Writer and activist Stephen Donaldson was born Robert A.
Martin, Jr. on July 27, 1946 in Norfolk, Virginia. The son of a career naval
officer, his childhood was spent in numerous seaport cities of the eastern
United States, as well as in Germany. His parents divorced when he was seven
years old, and he lived for periods of time in a boarding school and with his
grandparents. While attending high school in Long Branch, New Jersey, Donaldson
acknowledged his sexual attraction to a male classmate and shortly afterwards
decided to "come out" as gay. In the summer of 1965 he ran
away from his mother's home in Florida to New York City, where he met leaders of
the Mattachine Society of New York, an early gay rights organization. Attracted by the relatively permissive
sexual atmosphere of New York, he enrolled at Columbia University.
As a college student, Donaldson was a founding member of the Student
Homophile League (later re-named Gay People at Columbia-Barnard) and was active
in the North American Conference of Homophile Organizations.

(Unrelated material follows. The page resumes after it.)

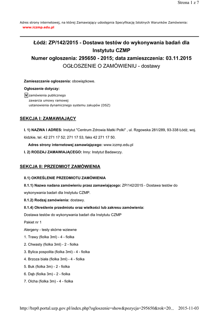 Strona 1 z 7 Adres strony internetowej, na której Zamawiający udostępnia Specyfikację Istotnych Warunków Zamówienia: www.iczmp.edu.pl Łódź: ZP/142/2015 - Dostawa testów do wykonywania badań dla Instytutu CZMP Numer ogłoszenia: 295650 - 2015; data zamieszczenia: 03.11.2015 OGŁOSZENIE O ZAMÓWIENIU - dostawy Zamieszczanie ogłoszenia: obowiązkowe. Ogłoszenie dotyczy: V zamówienia publicznego zawarcia umowy ramowej ustanowienia dynamicznego systemu zakupów (DSZ) SEKCJA I: ZAMAWIAJĄCY I. 1) NAZWA I ADRES: Instytut "Centrum Zdrowia Matki Polki" , ul. Rzgowska 281/289, 93-338 Łódź, woj. łódzkie, tel. 42 271 17 52; 271 17 53, faks 42 271 17 50. Adres strony internetowej zamawiającego: www.iczmp.edu.pl I. 2) RODZAJ ZAMAWIAJĄCEGO: Inny: Instytut Badawczy. SEKCJA II: PRZEDMIOT ZAMÓWIENIA II.1) OKREŚLENIE PRZEDMIOTU ZAMÓWIENIA II.1.1) Nazwa nadana zamówieniu przez zamawiającego: ZP/142/2015 - Dostawa testów do wykonywania badań dla Instytutu CZMP. II.1.2) Rodzaj zamówienia: dostawy. II.1.4) Określenie przedmiotu oraz wielkości lub zakresu zamówienia: Dostawa testów do wykonywania badań dla Instytutu CZMP Pakiet nr 1 Alergeny - testy skórne wziewne 1. Trawy (fiolka 3ml) - 4 - fiolka 2. Chwasty (fiolka 3ml) - 2 - fiolka 3. Bylica pospolita (fiolka 3ml) - 4 - fiolka 4. Brzoza biała (fiolka 3ml) - 4 - fiolka 5. Buk (fiolka 3m) - 2 - fiolka 6. Dąb (fiolka 3m) - 2 - fiolka 7. Olcha (fiolka 3m) - 4 - fiolka http://bzp0.portal.uzp.gov.pl/index.php?ogloszenie=show&pozycja=295650&rok=20... 2015-11-03 Strona 2 z 7 8. Jesion (fiolka 3m) - 2 - fiolka 9. Komosa (fiolka 3m) - 2 - fiolka 10. Parietaria (fiolka 3m) - 2 - fiolka 11. Leszczyna (fiolka 3m) - 4 - fiolka 12. Bez czarny (fiolka 3m) - 2 - fiolka 13. Kłosówka (fiolka 3m) - 2 - fiolka 14. Kupkówka (fiolka 3m) - 2 - fiolka 15. Mniszek lekarski (fiolka 3m) - 2 - fiolka 16. śyto (fiolka 3m) - 4 - fiolka 17. Babka lancetowa (fiolka 3m) - 2 - fiolka 18. Tymotka łąkowa (fiolka 3m) - 2 - fiolka 19. Kostrzewa łąkowa (fiolka 3m) - 2 - fiolka 20. Sierść psa (fiolka 3m) - 4 - fiolka 21. Sierść chomika (fiolka 3m) - 4 - fiolka 22. Sierść królika (fiolka 3m) - 2 - fiolka 23. Sierść kota (fiolka 3m) - 4 - fiolka 24. Sierść świnki morskiej (fiolka 3m) - 2 - fiolka 25. Roztocza ID farinae (fiolka 3m) - 4 - fiolka 26. Roztocza IID pteronyssinus (fiolka 3m) - 4 - fiolka 27. Kurz z siana (fiolka 3m) - 2 - fiolka 28. Candida albicans MS (fiolka 3 ml) - 2 - fiolka 29. Pleśnie 30. Alternaria tenuis (fiolka 3m) - 4 - fiolka 31. Aspergilus fumigatus (fiolka 3m) - 4 - fiolka 32. Cladospotium her (fiolka 3m) - 4 - fiolka 33. Alergeny - testy skórne pokarmowe 34. Owoce cytrusowe (fiolka 3m) - 2 - fiolka 35. Mięsa I (fiolka 3m) - 2 - fiolka 36. Mięsa II (fiolka 3m) - 2 - fiolka 37. Mięso indycze (fiolka 3m) - 2 - fiolka 38. Mięso kurze (fiolka 3m) - 2 - fiolka 39. Wieprzowina (fiolka 3m) - 2 - fiolka 40. Wołowina (fiolka 3m) - 2 - fiolka 41. Pstrąg (fiolka 3m) - 2 - fiolka 42. Dorsz (fiolka 3m) - 2 - fiolka 43. Łosoś (fiolka 3m) - 2 - fiolka http://bzp0.portal.uzp.gov.pl/index.php?ogloszenie=show&pozycja=295650&rok=20... 2015-11-03 Strona 3 z 7 44. Jabłko (fiolka 3m) - 4 - fiolka 45. Pomarańcza (fiolka 3m) - 4 - fiolka 46. Banan (fiolka 3m) - 2 - fiolka 47. Gruszka (fiolka) - 2 - fiolka 48. Truskawka (fiolka 3m) - 4 - fiolka 49. Orzeszki ziemne (fiolka 3m) - 4 - fiolka 50. Orzech laskowy (fiolka 3m) - 2 - fiolka 51. Orzech włoski (fiolka 3m) - 2 - fiolka 52. Winogrona (fiolka 3m) - 2 - fiolka 53. Cytryna (fiolka 3m) - 2 - fiolka 54. Pomidor (fiolka 3m) - 2 - fiolka 55. Papryka (fiolka 3m) - 2 - fiolka 56. Ziemniak (fiolka 3m) - 2 - fiolka 57. Pietruszka (fiolka 3m) - 2 - fiolka 58. Seler (fiolka 3m) - 2 - fiolka 59. Mąka Ŝytnia (fiolka 3m) - 4 - fiolka 60. Mąka pszenna (fiolka 3m) - 4 - fiolka 61. Mąka kukurydziana (fiolka 3m) - 2 - fiolka 62. Mleko krowie (fiolka 3m) - 4 - fiolka 63. śółtko jaja (fiolka 3m) - 2 - fiolka 64. Białko jaja (fiolka 3m) - 4 - fiolka 65. Kakao (fiolka 3m) - 2 - fiolka 66. Marchew (fiolka 3m) - 2 - fiolka 67. Soja (fiolka 3m) - 2 - fiolka 68. Roztwory kontrolne 69. Roztwór kontrolny ujemny - sól fizjologiczna (fiolka 3m) - 6 - fiolka 70. Roztwór kontrolny dodatni - histamina (fiolka 3m) - 6 - fiolka Pakiet nr 2 - Zestaw do wykonywania testów płatkowych 1 Parafenylenodiamina 1,0% waz. - 1 - szt. 2 Siarczan neomycyny 20% waz. - 1 - szt. 3 Benzokaina 5% waz. - 1 - szt. 4 Siarczan niklu sześćiouwodniony 5% waz. - 1 - szt. 5 Mieszanka parabenów 16% waz. - 1 - szt. 6 Alkohol lanoliny (alkohol wełny) 30% waz. - 1 - szt. 7 Mieszanka seskwiterpenów laktonowych 0,1% waz. - 1 - szt. 8 Budezonid 0,01% waz. - 1 - szt. http://bzp0.portal.uzp.gov.pl/index.php?ogloszenie=show&pozycja=295650&rok=20... 2015-11-03 Strona 4 z 7 9 21 - Piwolantiksokartolu 0,1% waz. - 1 - szt. 10 Mieszanka zapachowa II 14% waz. - 1 - szt. 11 Propolis 10% waz. - 1 - szt. 12 Balsam peruwiański - 1 - szt. Pakiet nr 3 1 Panelowe testy narkotykowe wykrywające 10 róŜnych narkotyków w moczu (AMP-BAR-BZO-COCMDMA-MET-MTD-OPI-TCA-THC). - 220 - szt. 2 Szybki test ureazowy mokry lub suchy w diagnostyce przewodu pokarmowego w zakresie wykrywania Helicobacter pylori w wycinkach błony śluzowej Ŝołądka dzieci i dorosłych. Szybki test ureazowy (mokry) - szybkość reakcji, wysoka czułość i specyficzność, krótki czas odczytu - 160 minut, łatwość wykonywania, moŜliwość oceny skuteczności leczenia po kuracji antybiotykowej, przechowywyanie w temperaturze pokojowej. Szybki test ureazowy (suchy) - prostota wykonania badania, wysoka czułość i specyficzność, szybki wynik badania, eliminacja tzw. Blushing effect, moŜliwość oceny stopnia zakaŜenia, nie daje fałszywie dodatnich wyników, wyników z krwią i Ŝółcią, przechowywanie w temperaturze pokojowej. - 2500 - szt. II.1.5) V przewiduje się udzielenie zamówień uzupełniających: Określenie przedmiotu oraz wielkości lub zakresu zamówień

He was a
participant in the spring 1968 student uprising on the Columbia campus.
Donaldson worked during his college summers as a reporter for the Associated
Press and Virginia Pilot and as a legislative intern in the offices of U.S.
Representatives Howard H. Callaway (Republican, Georgia) and Donald E. Lukens
(Republican, Ohio). He also traveled widely across the United States, often as a
hitchhiker. In diary entries and letters written during these years he described
his political radicalization, his experiments with marijuana and LSD and his
sexual encounters with men and women. Inspired by many aspects of the sexual
revolution of the late-1960s, Donaldson increasingly identified himself as
bisexual. He began to publish short articles and poems in gay publications,
occasionally under the pen name Stephen Donaldson. (Though he never legally
changed his name, he increasingly chose to identify himself by this pseudonym,
particularly during the 1980s-90s.)
After his 1970 graduation from Columbia, Donaldson enlisted in the U.S. Navy.
He shipped to Italy, where he served as a radioman on a NATO base. At this time
Donaldson also became a practicing Buddhist and explored the religious
traditions of the Society of Friends, also known as Quakers. In 1971 the Navy
announced its intention to release him by General Discharge on grounds of
suspected homosexual involvement. Donaldson mounted an unprecedented public
campaign against his discharge, and won the support of U.S. Congress members
Bella Abzug and Edward I. Koch. Though he lost this fight and was released in
June 1972, he later won an upgrade to Honorable Discharge.
Donaldson settled in the Washington D.C. area and worked as Pentagon
correspondent for the Overseas Weekly, a privately owned newspaper
distributed to American servicemen stationed in Europe. He became increasingly
active with the Quakers, and would eventually lead the group's bisexual caucus.
In 1973 he was arrested at a Quaker peace protest at the White House, and was
subsequently raped by inmates in the Washington D.C. jail. This experience, and
incidents which occurred during later stints in prison, led to his outspoken
activism on the issue of sexual victimization of male prisoners, most notably
with the organizations People Organized to Stop the Rape of Imprisoned Persons
and Stop Prisoner Rape.
From 1974-77 Donaldson did graduate work in religion at Columbia University,
and served as Chairman of the Student Governing Board of the Earl Hall Center
for Religion and Life. In May 1976 he was ordained as a novice monk in the
orthodox (Theravada) Buddhist Order. During the late-1970s Donaldson worked
intermittently as a developer of war simulation games and immersed himself in
New York's punk rock subculture, centered on the CBGB nightclub in downtown
Manhattan. Several personal tragedies, including the 1976 suicide of his mother,
contributed to bouts of psychological depression. In March 1980,
poverty-stricken and ill, Donaldson was arrested in a Bronx Veterans
Administration hospital on a charge of assault with a dangerous weapon. He was
convicted on other felony counts and served nearly four years in federal prison.
Donaldson was paroled in April 1984, and settled again in New York City.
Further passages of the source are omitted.